We identified submodules within the interactomes and tried to find those that are expressed exclusively in either the parent or PTHS patient samples, in both NPC and neuronal cells. Using MCODE, we found 3 and 6 submodules within the NPC and neuron interactomes, respectively (Supplementary Material 2). Among the NPC interactome submodules, none were found to be exclusively expressed either in PTHS patients or in the parents (Supplementary Material 8—Fig. S2), but we identified groups of genes (submodules 1, 2, 4 and 5) with exclusive expression in the parents within the neuron interactome (Fig. 3).

Fig. 3
figure 3

Submodules within the neuron interactome. The colors represent the log2 fold-change (log2FC) of the genes between the group of PTHS individuals and the parents group (control). Genes upregulated in PTHS patients are shown in red, while downregulated genes are shown in blue.

Among the submodules with higher expression in PTHS patients, submodule 1 contains genes coding for ribosomal genes (Fig. 2D), raising the question of whether the upregulation of ribosomal genes in PTHS neurons leads to aberrant protein translation during neurodevelopment in the patients. To validate the difference in ribosomal gene expression between parent and patient (PTHS), we searched for genes in the Ribosomal Protein Small (RPS) and Large (RPL) families in single-cell data from our previous publication13. Several members were found to be differentially expressed in our bulk RNA-Seq data from neurons, and the expression profiles of some genes in these families were significantly different along the neuronal differentiation pseudotime in single-cell RNA-Seq data from organoids (Supplementary Material 6—Fig. 3S).

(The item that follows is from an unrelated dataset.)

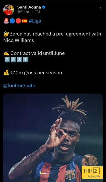 وفقًا للصحفي سانتي أوانا، توصل برشلونة إلى اتفاق مبدئي مع النجم الإسباني نيكو ويليامز، جناح أتلتيك بلباو، على توقيع عقد يمتد حتى يونيو 2031.
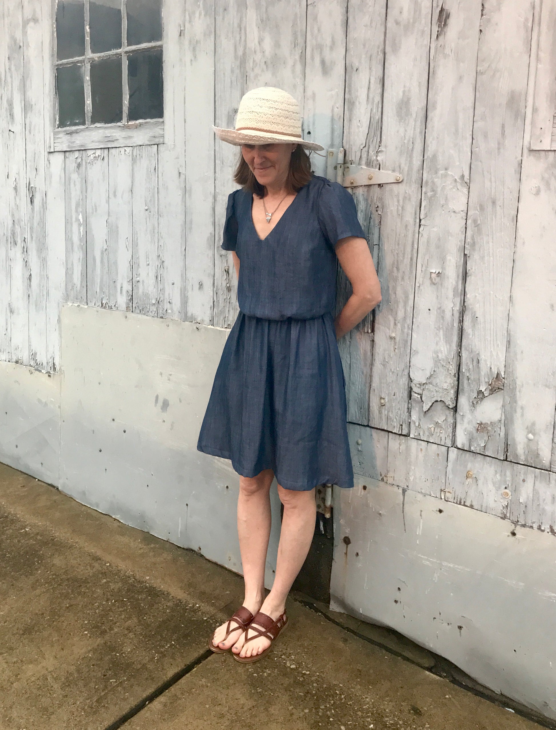 The Amalfi Dress is a beautiful feminine boho style dress. View A features an above-the-knee skirt while view B has a trendy yet classic tea length. Both views can be made with either the gathered short sleeve or the flutter sleeve and the optional in seam pockets. Bust darts and an elastic waist provide flattering shaping. The Amalfi is finished with a facing at the neckline. You can choose to receive the pattern in three different ways.

Similar to submodule 1, submodule 2 of the neuron interactome is characterized by the prevalence of genes upregulated in PTHS. GO and KEGG enrichment analysis revealed that this submodule is enriched for processes and pathways related to type I interferon signaling pathway (FDR = 4.15e−21), cellular response to type I interferon (FDR = 4.15e−21), response to type I interferon (FDR = 4.17e−21) and defense response to virus (FDR = 2.63e−12). Moreover, the genes present within this submodule were also selected as hub genes in the neuron interactome (Supplementary Material 8—Fig. S3 and Table S2), further strengthening our hypothesis that they participate in PTHS pathogenesis. The existence of genes related to interferon could be indicative of neuroinflammatory responses 29 in the PTHS neural tissue, a possibility that could be further investigated in cellular models of neuroimmune interactions, including the understudied role of microglia in PTHS.

Submodule 4 displays a unique set of genes that are mostly downregulated in PTHS neurons, enriched for genes related to the glutamatergic synapse pathway, including GRIN2D, GRIA2, DLG4, GRIN1, GRIN3A, and GRIN2B (enrichment FDR = 2.170e−10). GRIN genes encode N-methyl-D-aspartate (NMDA) glutamate receptor subunits30, characteristic of excitatory neurotransmission in the brain31 and shown to be dysregulated in several neurodevelopmental disorders32,33,34. For example, GRIN2B, associated with various neurodevelopmental disorders (MIM #616139 and #613970), exhibits higher expression in the parent sample as compared to PTHS in the Glut lineage, according to single-cell transcriptomic data (Supplementary Material 6—Fig. 4S). The clear dysregulation of GRIN gene expression in the neuron interactome strongly supports the idea that glutamate receptor molecular pathology accompanies PTHS pathophysiology, and we hypothesize that the low activity of NMDA receptors may partly explain the deficits in neuronal firing activity previously observed in PTHS brain organoids and patient-derived neurons in vitro13.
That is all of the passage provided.